Cvx error. I have search for one day but find nothing. I don't known where I'm wrong. I hope someone can help me!

function [optimal_x_UAV,optimal_y_UAV] = UAV_Location_Subproblem(N,M,N0,B,beta_U,beta_B,Rcmin,UE_x,UE_y,x_UAV_1,y_UAV_1,h_UAV,A1,p_ue,p_uav)
a = A1;
x = [UE_x’,UE_y’];
X_1 = [x_UAV_1’,y_UAV_1’];
cvx_begin
variable X(M,2);
variable tempt_Slack_var(1,M);

expression r(N,M);
expression C1(1,N);
expression r_uav_B(1,M);  
expression tempt_C2(1,M);
expression C3(1,M);

for i=1:N
    for j=1:M
        r(i,j) = a(i,j)*B*log(1 + p_ue(i)*beta_U/(N0*(square_pos(norm(X_1(j,:)-x(i,:))) + h_UAV^2)))/log(2) - (p_ue(i)*beta_U/(log(2)*N0))*(1/(1+(p_ue(i)*beta_U/(N0*(square_pos(norm(X_1(j,:)-x(i,:))) + h_UAV^2))))) * ( square_pos(norm(X(j,:)-x(i,:))) - square_pos(norm(X_1(j,:) - x(i,:))) )/(square_pos(norm(X_1(j,:) - x(i,:)))+h_UAV^2)^2;               
    end
    C1(i) = sum(r(i,:)) - Rcmin;
end

for m = 1:M
    tempt_c_r = 0;
    for i = 1:N
        if a(i,m)==1
            tempt_c_r = tempt_c_r + r(i,m);
        end           
    end
      r_uav_B(m) = B*log2(1 + p_uav(m)*beta_B / (pow_pos(norm(X),2) + h_UAV^2));
    tempt_C2(m) = tempt_c_r - r_uav_B(m);

end
obj = sum(sum(r));
       maximize(obj)
    subject to
        C1 >= 0;
        tempt_C2 <= r_uav_B;                                 

cvx_end

matlab error as follows
Disciplined convex programming error:
Cannot perform the operation: {positive constant} ./ {convex}
错 ./ (line 19)
z = times( x, y, ‘./’ );

出错 * (line 36)
z = feval( oper, x, y );

出错 / (line 15)
z = mtimes( x, y, ‘rdivide’ );

出错 UAV_Location_Subproblem (line 33)
r_uav_B(m) = B*log2(1 + p_uav(m)*beta_B / (pow_pos(norm(X),2) + h_UAV^2));

CVX does not allow dividing by a convex expression, which your program does. Have you proven that tempt_C2 <= r_uav_B is a convex constraint? Have you proven that the optimization problem you are attempting to enter is convex?

My problem is like this
problem
1
2
U = {Xj, Yj}, j in M. Nj is in N belongs to j.
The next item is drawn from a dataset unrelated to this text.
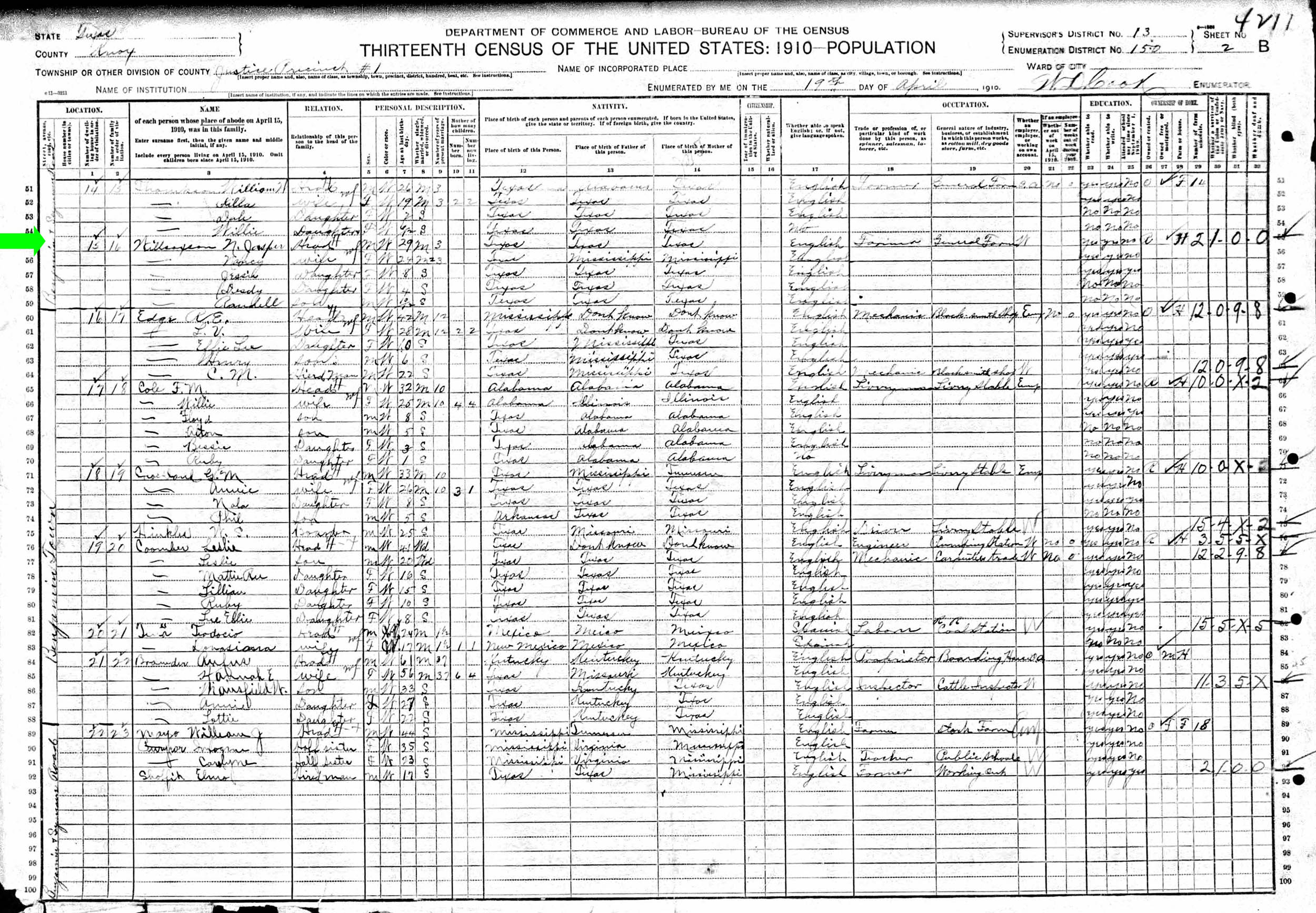April 1910 in Knox Co., Texas

It looks very nonconvex. Why is this convex?

I use the Taylor expansion for rj so it can convert as an concave problem.

Then show us the Taylor expansion formulation which you claim results in a “concave” problem, i.e., a convex optimization problem.

I don’t know what your immediately preceding post is supposed to be. Please show us a complete convex optimization problem, with proof of its convexity.